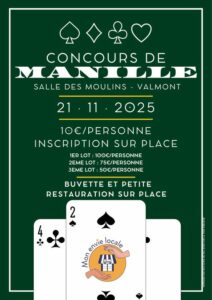 Vendredi 21 Novembre, concours de Manille. Lancement des parties à 20h ! Inscriptions dès maintenant au 09.84.52.97.19 ou sur place,
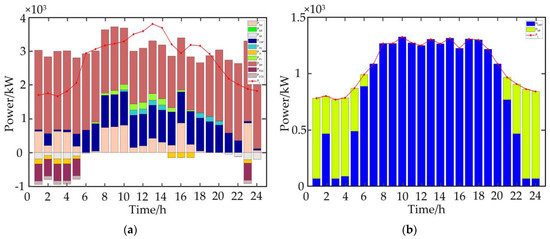 The low power output of RE in MG2 needs to rely on GT and other MGs to provide electrical power. It can be seen from Figure 7a that the electrical load is relatively low; however, the heat load demand is large, resulting in a relatively high power production of GT, and the surplus electrical power is sold to other MGs. The GT provides a considerable amount of thermal power to meet the load in a day cycle in Figure 7b, and the HS mainly meets the thermal power balance characteristics in the whole system.
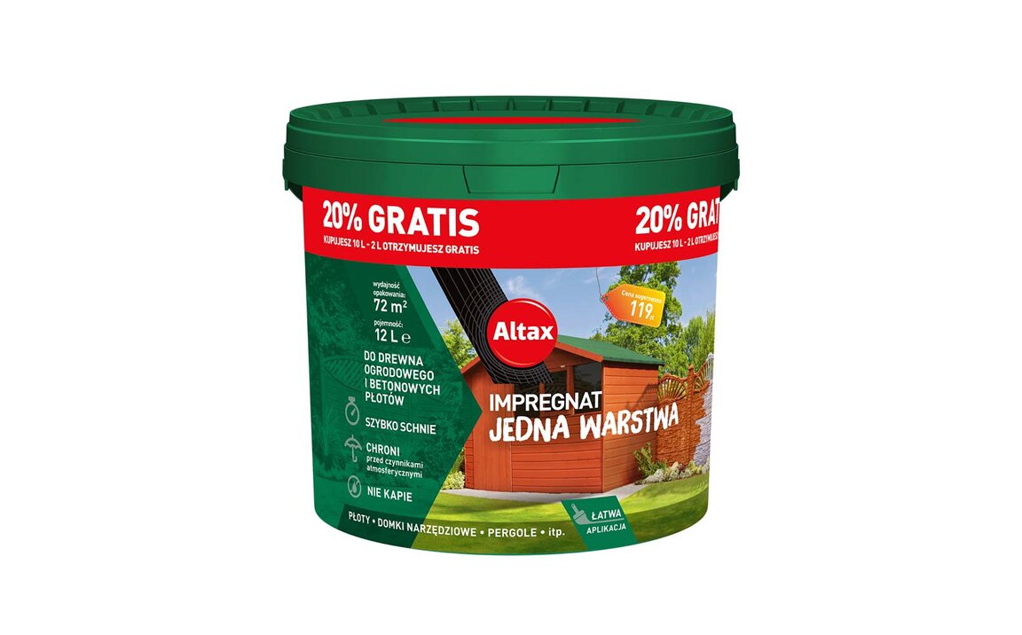 Altax Impregnat Jedna Warstwa do ochrony i dekoracji drewna ogrodowego i płotów betonowych. Jedna warstwa i szybkie schnięcie pozwalają ukończyć pracę w 1 dzień. Skutecznie zabezpiecza przed czynnikami atmosferycznymi: wodą, wilgocią, promieniowaniem UV. Posiada bardzo gęsta konsystencję, dzięki czemu nie kapie podczas malowania - jest bardzo łatwy w użyciu. Dzięki nowoczesnym żywicom i woskom produkt nie łuszczy się i nie pęka.

Task to carry out: Reproduce the whole listing above character for character; pictures do not belong in it.

Exercise solution:
 Vendredi 21 Novembre, concours de Manille. Lancement des parties à 20h ! Inscriptions dès maintenant au 09.84.52.97.19 ou sur place,
 The low power output of RE in MG2 needs to rely on GT and other MGs to provide electrical power. It can be seen from Figure 7a that the electrical load is relatively low; however, the heat load demand is large, resulting in a relatively high power production of GT, and the surplus electrical power is sold to other MGs. The GT provides a considerable amount of thermal power to meet the load in a day cycle in Figure 7b, and the HS mainly meets the thermal power balance characteristics in the whole system.
 Altax Impregnat Jedna Warstwa do ochrony i dekoracji drewna ogrodowego i płotów betonowych. Jedna warstwa i szybkie schnięcie pozwalają ukończyć pracę w 1 dzień. Skutecznie zabezpiecza przed czynnikami atmosferycznymi: wodą, wilgocią, promieniowaniem UV. Posiada bardzo gęsta konsystencję, dzięki czemu nie kapie podczas malowania - jest bardzo łatwy w użyciu. Dzięki nowoczesnym żywicom i woskom produkt nie łuszczy się i nie pęka.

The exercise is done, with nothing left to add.